「ありがとう」を何度でも
交差点の信号が青に変わるなり隣にいた日野が、待っていたとばかりにポンと弾けて飛び出した。
呆気に取られて見守る俺を残したまま、彼女は流れる人々の先陣を切って風のように駆け抜けていく。大きな横断歩道が交わる真ん中辺りで立ち止まり、くるりと振り返った。
「月森くーん、早く! こっちこっちー!」
「あっ・・・おい、日野!」
周囲の注目も全く気に止めた様子も無く、月森くんと、俺の名前を呼びながら眩しい笑顔で手招いている。
日野が真っ直ぐ俺を見て言うものだから、興味深げに振り返って注がれる通行人の視線が痛くて照れくさい。
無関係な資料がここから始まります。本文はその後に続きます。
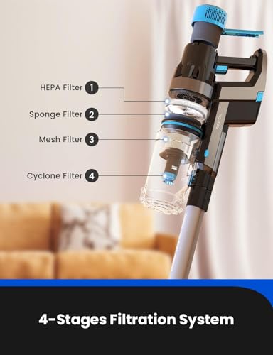 Powerful 30kpa vacuum cleaner: cordless vacuum cleaner offers 3 suction modes. Max mode generates 30000pa suction, which meets your all different types of cleaning needs.
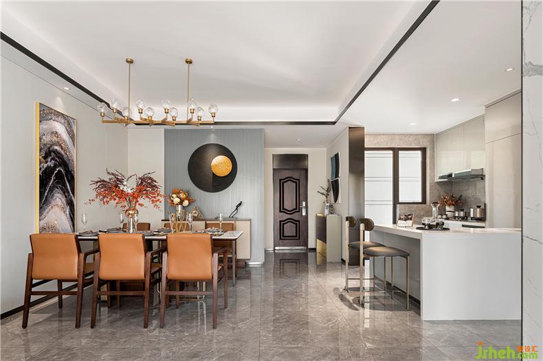 天然大理石臺面搭配具有裝飾線條感及簡約、節(jié)省空間的桌腳設(shè)計(jì),樣板房設(shè)計(jì)有助于于餐椅的擺放使用方便性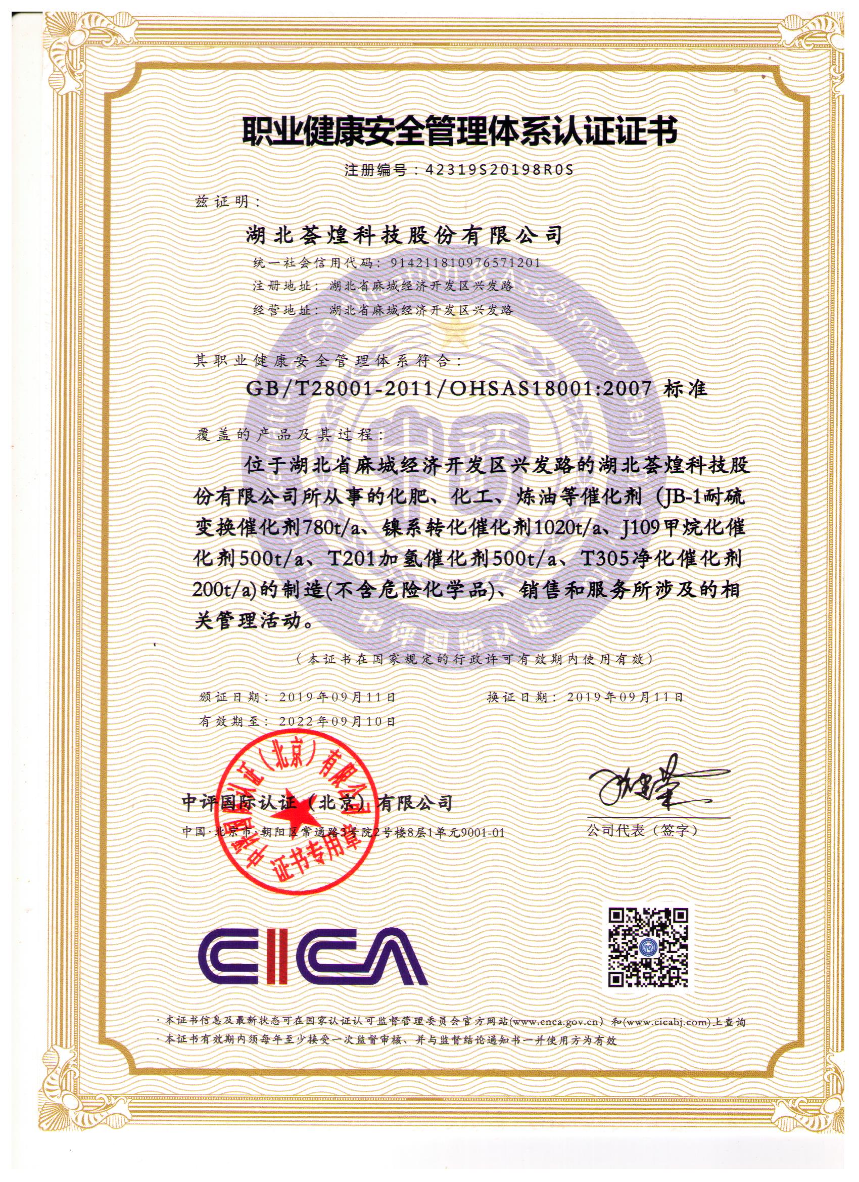 職業(yè)健康安全管理體系認(rèn)證證書
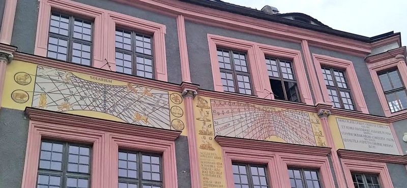 Gleich verschiedene #AstronomieZeit Objekte fotografierte „die Sternwarte Aachen“. Wir haben mal das Rathaus mit der Mondphasenuhr in unser Karte mit aufgenommen und zeigen euch natürlich auch noch den Markierungsstein zum 15. Meridian und die Fassade der Ratsapotheke in Görlitz. An ihrer Fassade sind zwei Sonnenuhren abgebildet. Die linke zeigt bürgerliche, italienische und babylonische Stunden an. Auf der rechten kann man Planetenstunden ablesen.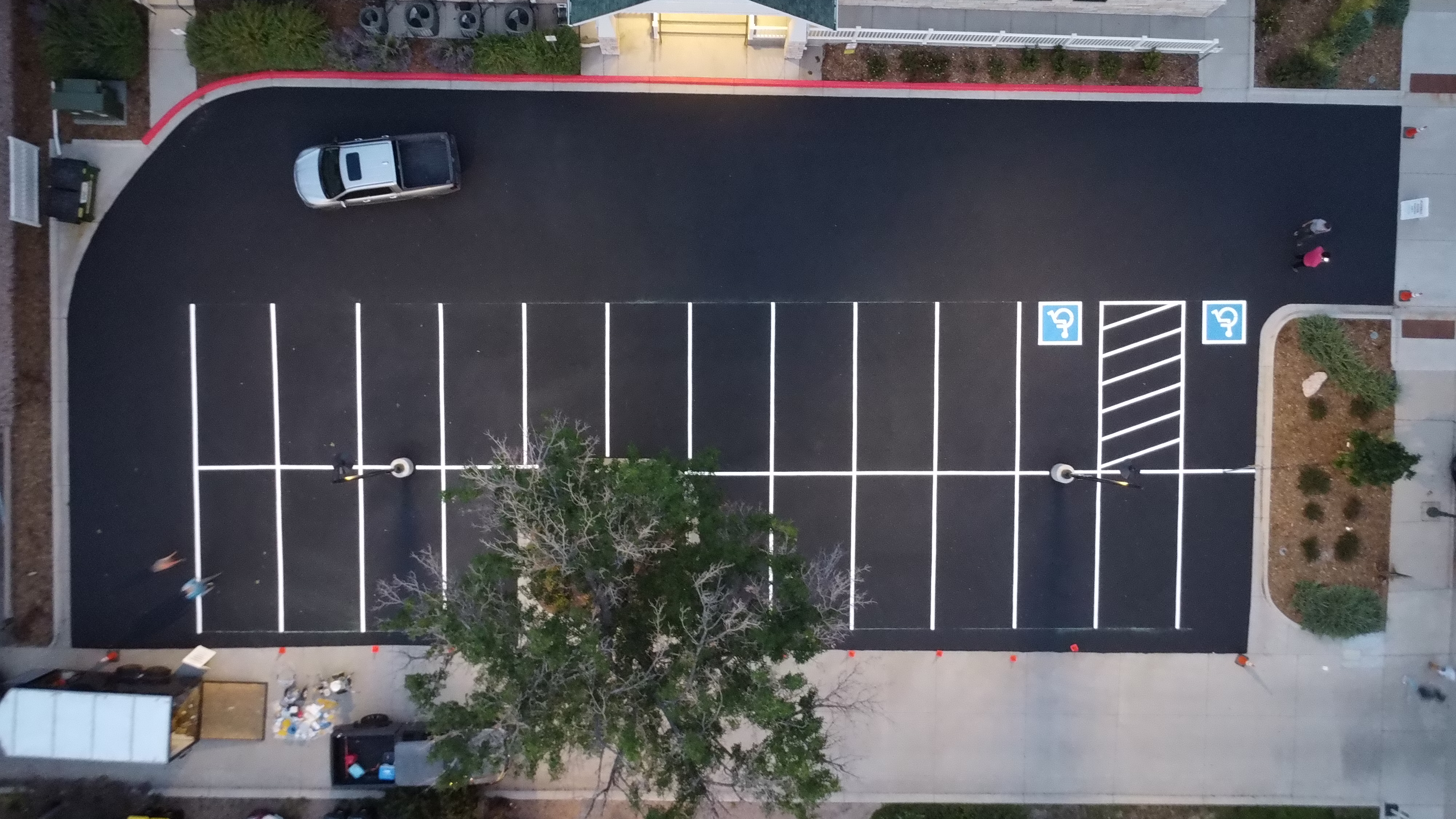 Yes. We ensure all striping, access aisles, and signage meet ADA requirements to keep your property compliant and avoid potential fines.
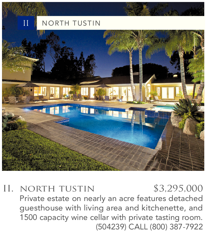 north tustin $3,295,000 Private estate on nearly an acre features detached guesthouse with living area and kitchenette, and 1500 capacity wine cellar with private tasting room.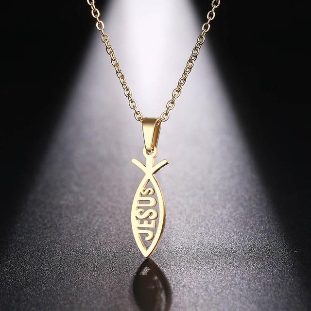 PORTEZ CE SYMBOLE SECRET DU CHRISTIANISME AVEC CE COLLIER ICHTHYS EN OR REPRÉSENTANT UN POISSON.

すぐに駆け寄って腕を摘みざま駆け去るか、あるいは口を覆ってしまいたいのだが・・・無論出来る筈も無く。
今行くからと言葉の代わりに笑みを浮べて、心の中で無邪気な彼女に語りかけた。
しかし・・・・・・。
眩しいのは君が背負う太陽の光りなのか、それとも俺に真っ直ぐ向けられている笑顔なのか。
嬉しそうに飛び跳ねてはしゃぐ彼女は、普段学校で見せる姿とは、どこか違って見えるようだ。
可愛い・・・と素直に思える自分が誇らしく、少し照れくさくて。
このくすぐったさが、君を好きだという気持なのだろうかと、込み上げる想いに頬を緩めずにはいられない。
「日野、横断歩道で立ち止まっていては、危ないぞ」
「平気平気、大丈夫だよー」
満面の笑みで応えると更に先へ駆け出してしまい、彼女は横断歩道の向こう側に渡ってしまう。
どうやら待ちきれないらしく、小さく飛び跳ねながら俺を待つ日野に笑みを向けると、瞳で彼女を捕らえて見守るように、ゆっくり歩み寄っていく。
これではまるで、君と俺との追いかけっこだな。
見ていると非常に危なっかしいのだが、どうか君はそのままでいて欲しいとも思う。
「すまない、待たせたな」
「月森くん、遅いぞぅ〜」
ようやく日野の元に辿り着いて微笑めば、手を後ろに組みながら悪戯っぽくにやりと俺を見上げてくる。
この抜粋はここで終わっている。